One comment in general, you might want to consider using JavaScript's native Date type. This won't necessarily make the sorting any easier, but it may make other aspects of date handling (such as formatting them for display to the user) significantly simpler.

As far as the actual sorting, the reason it's not working is that you're trying to subtract strings for the comparison, which obviously won't work. Simply converting the code to use the native Date type as mentioned above would actually let everything work as-is right now, but there are a couple of other approaches that come to mind:

  • Instead of storing the BranchModel instances in an array, store them as properties of a plain object (IOW, a mapping or dictionary in other language terms) with the keys being the date strings. You can then do something like this:
// items is the mapping you want sorted values from based on keys

let tmp = Object.keys(items) // Get a list of the keys.
tmp.sort() // Sort it.
tmp.map((i) => items[i]) // Replace each key in the list 
                         // with the corresponding value from items.
                         // After this, tmp is now an array of the values
                         // in sort order, and can be used directly.
  • If you're willing to add a dependency, you can actually do this easily with Lodash using the _.sortBy() function. Code for that would look like this:
// items is the array to sort.
// This uses a shorthand form not mentioned in the Lodash documentation
// to sort by a specific named property of each element.

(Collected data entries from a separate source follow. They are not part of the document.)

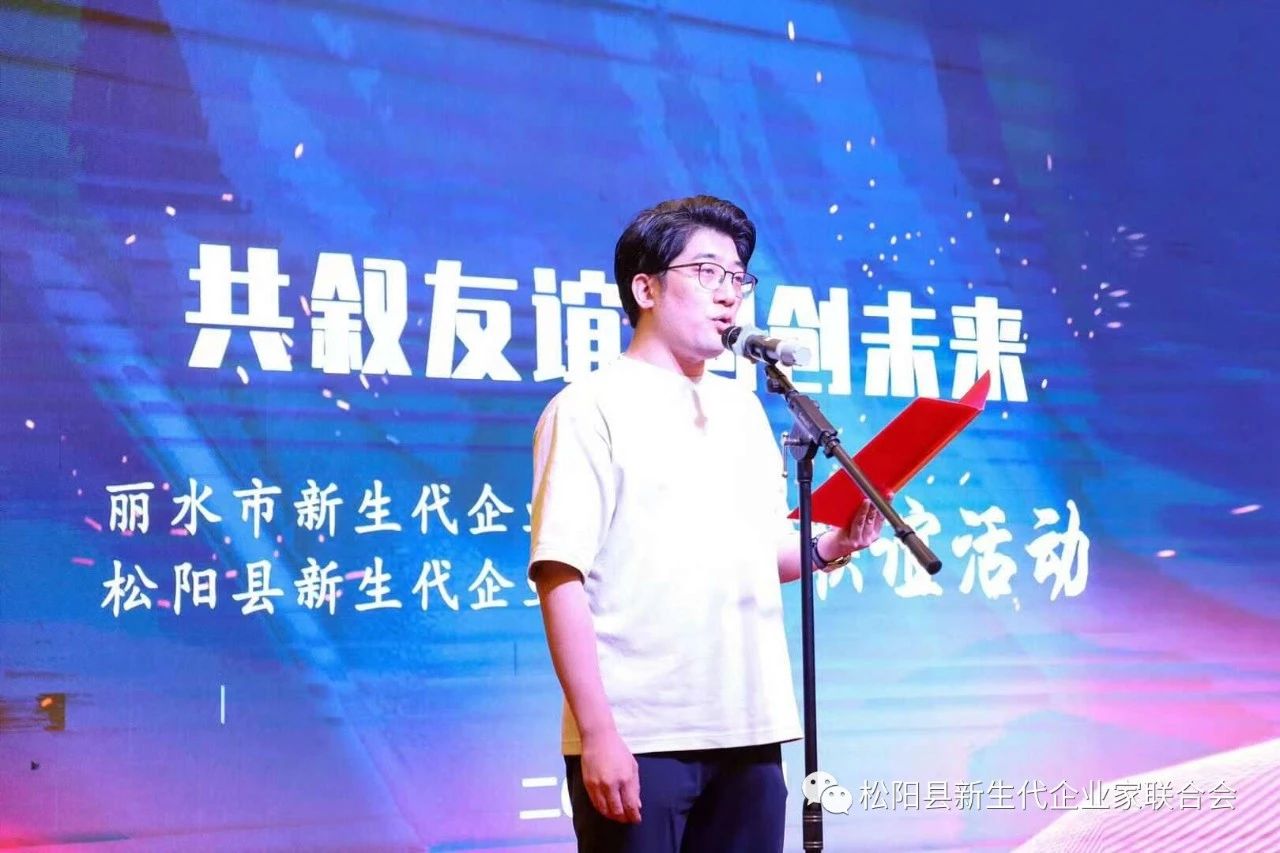 丽水市新生代企业家联合会邵烨会长致答谢辞,他说:“丽水与松阳血脉相通,有着千丝万缕的渊源和情谊,希望通过此次活动,能进一步促进“两会”间的合作与交流,增进“两会”间的沟通与感情,推动“两会”的各项工作跃上新台阶,开拓新局面。让我们凝聚智慧、携手奋进、共创未来,踏着新时代的脚步,努力弘扬践行“浙西南革命精神”,不忘初心,牢记使命,乘风破浪,扬帆前行!我坚信,有党和政府的关心支持,有大家的同心同行、无私奉献,我们的努力一定会在这片生机盎然的热土上开出更加绚丽灿烂的花朵!”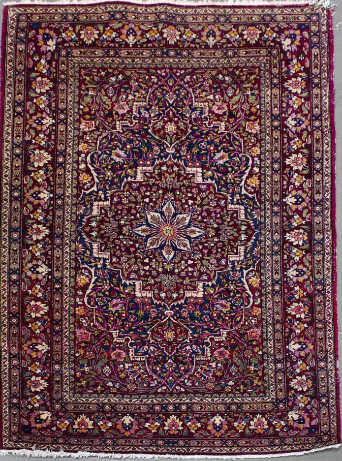 Laine à motifs verts, orange et jaunes sur fond crème, 291x291 c...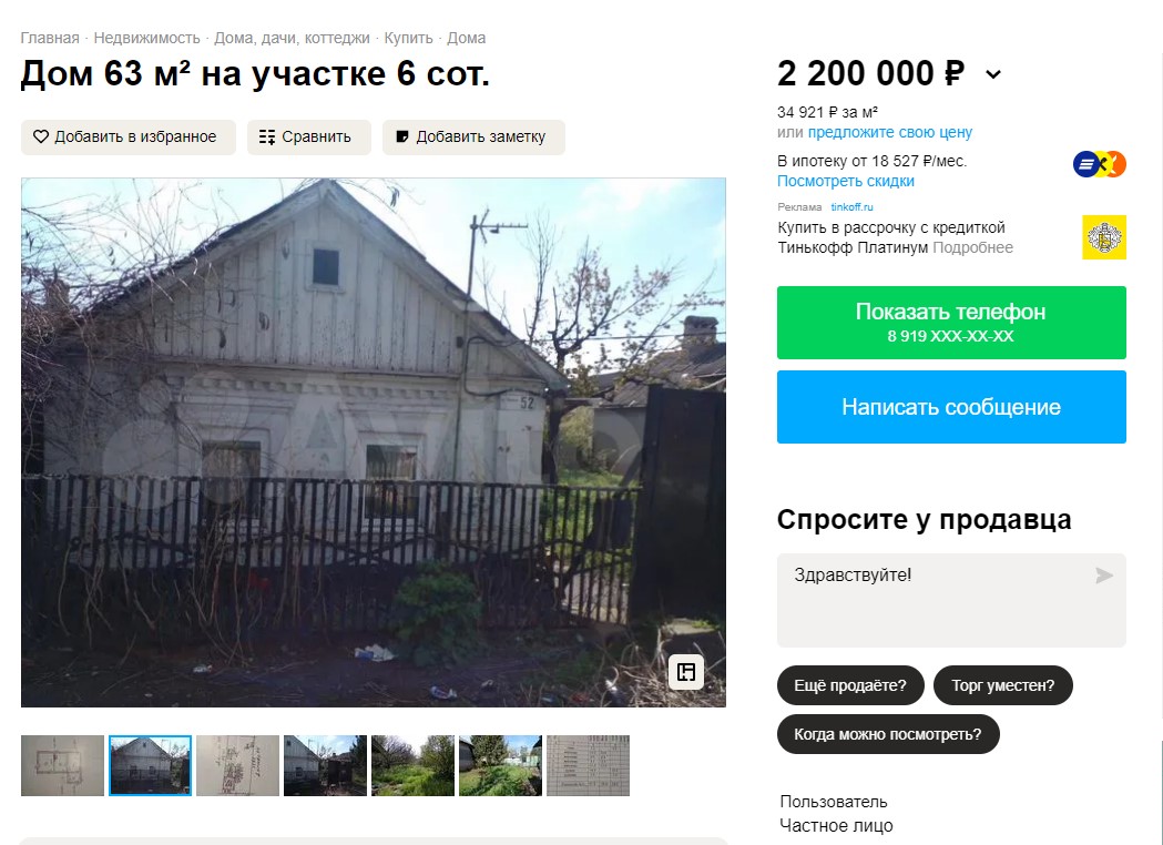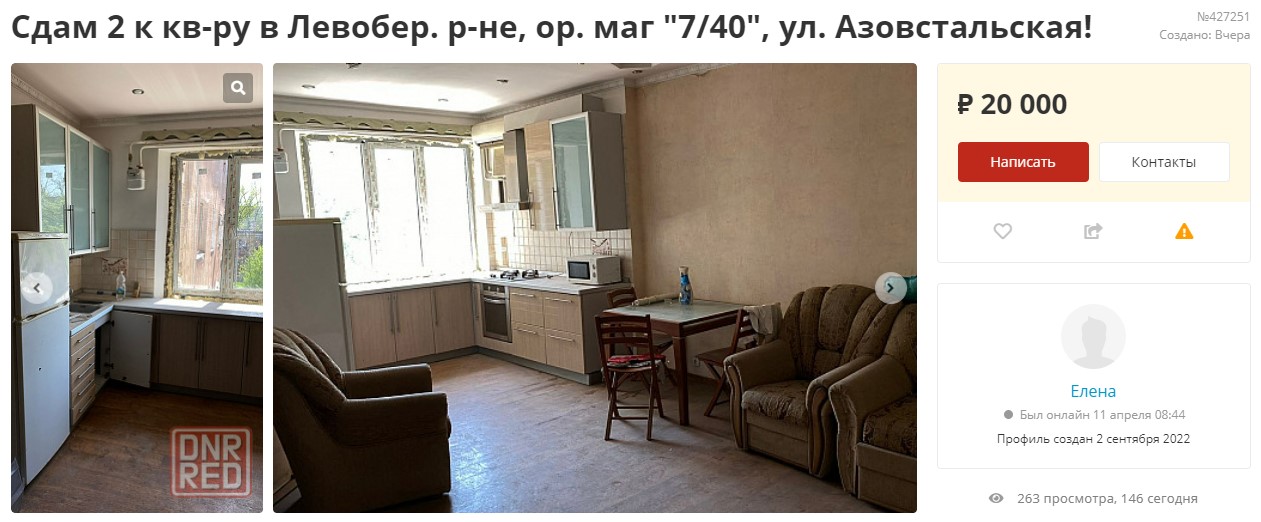 "Во время "СВО" дом практически не пострадал, ведется капитальный ремонт всего дома. Квартира не пострадала, только штукатурка осыпалась и т.п. Дом располагается в спальном районе. До моря 20-30 минут пешком. Школа и детский сад в 3 минутах ходьбы", — пишет собственник и просит 1,5 млн рублей (700 тысяч гривен).
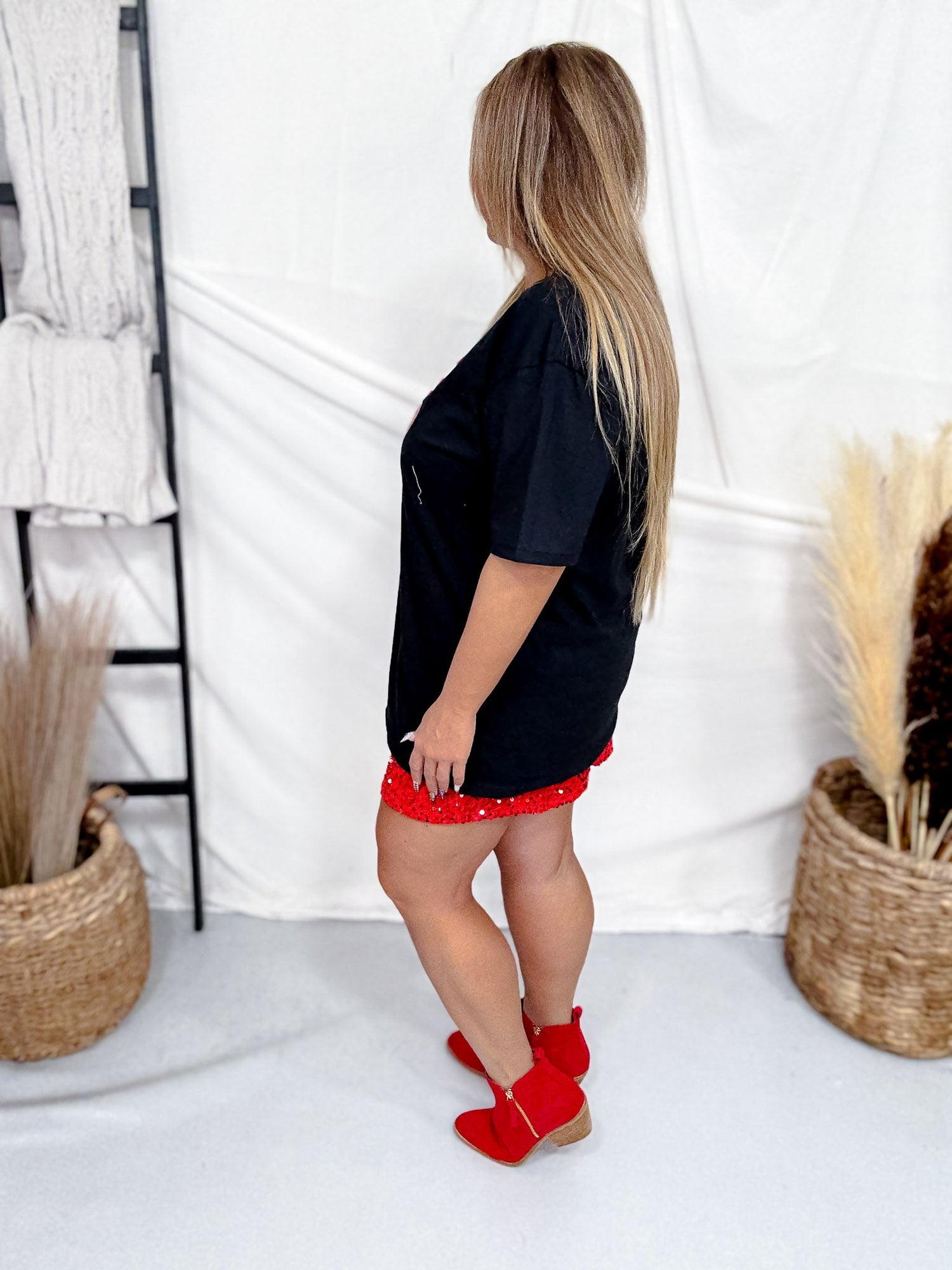 Spread the love this Valentine's Day in this playful black tee featuring a bold red and white checkered heart design with a shimmering sequin heart accent. Perfect for showing off your romantic side with a fun, eye-catching twist.

items = _.sortBy(items, ['_date'])

Also, one general JavaScript tip: Anything that doesn't actually depend on the DOM being safe to manipulate shouldn't be inside a window.onload handler. Put simply, there's no reason to wait to define functions or values or perform computations that don't need the page to be fully loaded until the page is fully loaded. Running those without waiting can actually help speed up load times, and anything outside of a window.onload handler is essentially certain to execute before the contents of any of the handlers because of how JavaScript actually handles events internally.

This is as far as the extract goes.